During the late 20th century, high levels of warming in the eastern Antarctic Peninsula led to the collapse of the Larsen A and B ice shelves in 1995 and 2002 respectively.

These events drove the acceleration of ice towards the ocean, ultimately accelerating the Antarctic Peninsula’s contribution to sea level rise.

There was then a period when some ice shelves grew in area, but since 2020 there has been an increase in the number of icebergs breaking away from the eastern Antarctic Peninsula.

Academics, who used a combination of historical satellite measurements, along with ocean and atmosphere records, said their observations “highlight the complexity and often-overlooked importance of sea ice variability to the health of the Antarctic Ice Sheet”.

The team of researchers from Cambridge University, Newcastle University, and New Zealand’s University of Canterbury found that 85% of the 1,400km-long (870 miles) ice shelf along the eastern Antarctic Peninsula “underwent uninterrupted advance” between surveys of the coastline in 2003-4 and 2019.

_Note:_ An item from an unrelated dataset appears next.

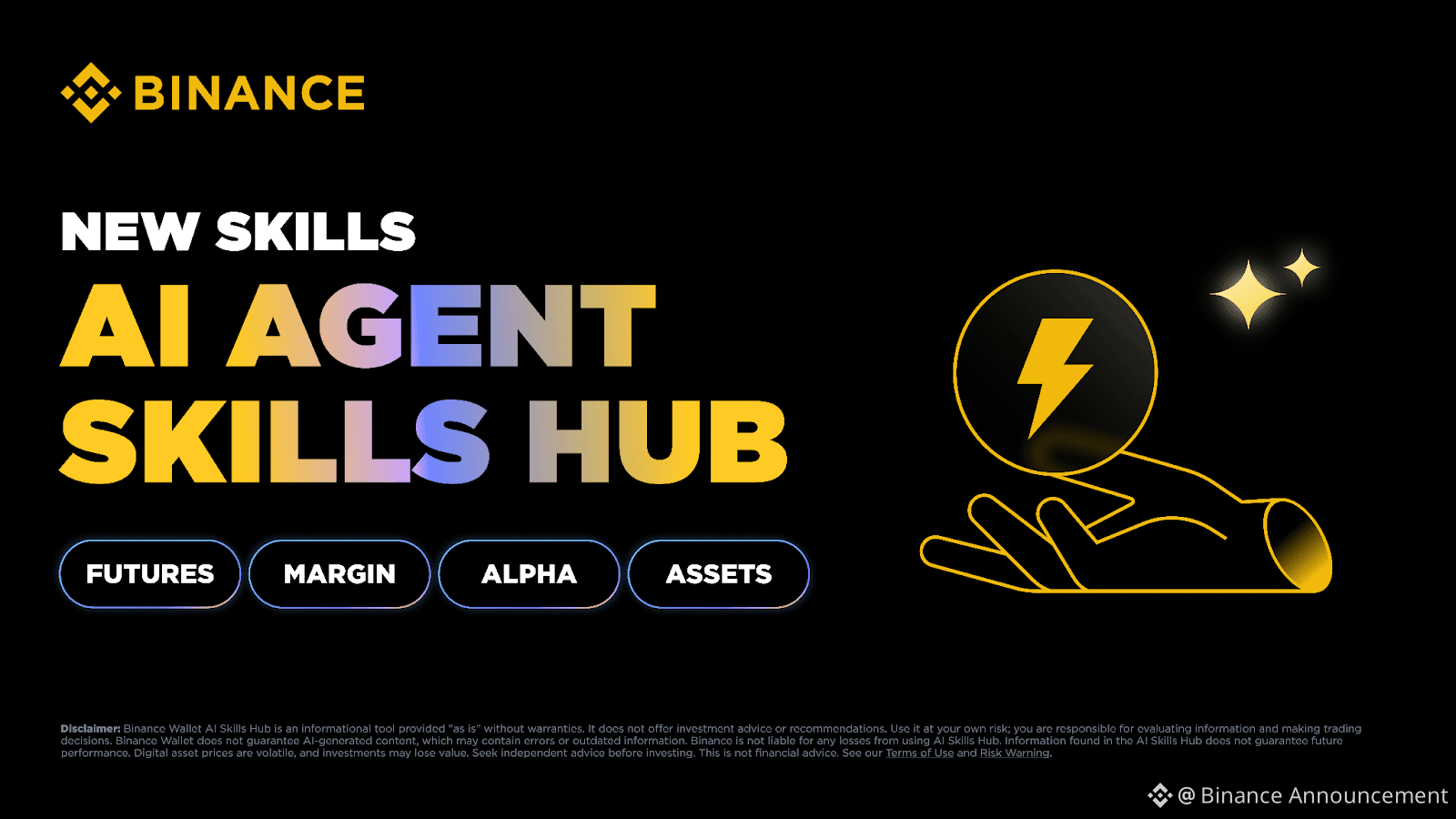 Binance dengan senang hati meluncurkan 4 AI Agent Skills baru, memperluas kemampuan setara Binance ke perdagangan derivatif, Perdagangan Margin, Binance Alpha, dan pengelolaan aset.

This was in contrast to the extensive retreat of the previous two decades.

Research, published in the journal Nature Geoscience, suggests the growth was linked to changes in atmospheric circulation, which led to more sea ice being carried to the coast by wind.

Full report here.

Comments
  1. oldbrew says:

    despite global warming

    Not exactly global then?

    Expedition chief scientist and study co-author Professor Julian Dowdeswell, also from the SPRI, said that during the expedition it was noted that parts of the ice-shelf coastline were at their “most advanced position since satellite records began in the early 1960s”.

  2. Phoenix44 says:

    My but they are quite pathetic. Forecasts are wrong but instead of confronting that we get these silly excuses and fantasies. Wind blew some ice?

  3. oldbrew says:

    Sky News version…

    Parts of Antarctica gained ice in last 20 years after two decades of significant loss, study suggests

    In the 1980s and 1990s, ice on the eastern Antarctic Peninsula was in retreat. A shift in wind patterns appears to have disrupted that trend.

    Thursday 12 May 2022

    https://news.sky.com/story/parts-of-antarctica-gained-ice-in-last-20-years-after-two-decades-of-significant-loss-study-suggests-12611332

    ‘parts of the ice-shelf coastline were at their “most advanced position since satellite records began in the early 1960s”.’

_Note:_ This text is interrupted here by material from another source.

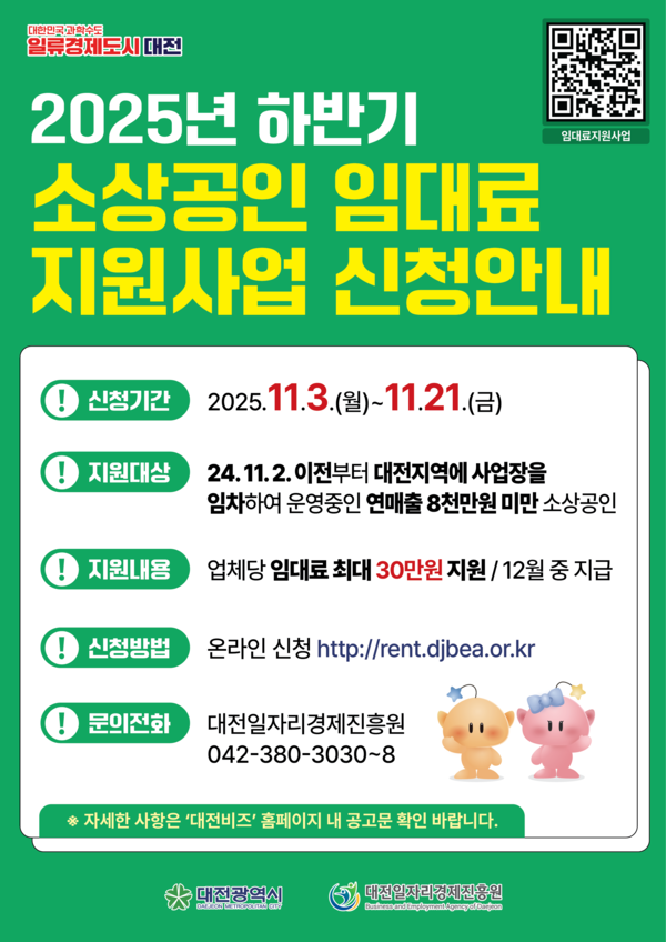 대전시가 소상공인의 경영 부담을 덜기 위해 하반기 임대료 지원사업으로 업체당 30만 원을 지원한다. 신청은 내달 3일부터 21일까지 대전시 중소기업지원 포털인 대전비즈(djbea.or.kr/biz)를 통해 하면 된다. 신청 대상은 공고일 기준 1년 이상 대전에서 사업장을 임차해 운영 중인 소상공인으로 연 매출액이 8000만 원 미만이어야 한다. 시는 제출 서류를 검토해 매출액이 적은 순으로 지원 대상을 선정할 계획이며 지원금은 12월 중 지급할 예정이다.

    That’s a bit stronger than ‘study suggests’.

  4. […] Some Antarctic ice shelves grew in area over the last 20 years – study […]

  5. Phil Salmon says:

    suggests the growth was linked to changes in atmospheric circulation, which led to more sea ice being carried to the coast by wind.

    As I commented earlier, this is probably an inversion of cause and effect. Antarctica is possibly the strongest driver of climate change in earth. It changes both ocean and (consequently) wind circulation. Not the other way around.

  6. Graeme No.3 says:

    I wonder why the University of NSW wasn’t on the panel. Readers may remember the expedition they organised to the Antarctic in 2013 alongwith ABC and The Guardian ‘reporters” – subsequently dubbed The Ship of Fools. One of the aims was to reach Douglas Mawson’s huts built 100 years before. The (russian) ship they were on, got stuck in pack ice 110 kilometres from where Mawson’s ship was moored then. (It apears that no-one looked at the satellite map of the ice before sailing).
    There was much uproar about the difficulties of scientists and assorted others faced** and they were rescued by helicopters and ships diverted from useful operations. The Russian captain, now free of scientific help, got his ship out and returned to the New Zealand port at least a week before them.

    **They had run out of the main ingredient for peanut butter smoothies.

  7. Gamecock says:

    ‘These events drove the acceleration of ice towards the ocean, ultimately accelerating the Antarctic Peninsula’s contribution to sea level rise.’

    Dammit. I look at the graphs of Sea Level Rise and I can’t see it.

    Never forget, the rate of sea level rise the last hundred years has been CONSTANT. So all of their declarations about melting here or there or whatever are PHONY. Look at the graphs, and you can see with your own eyes that it JUST DOESN’T MATTER.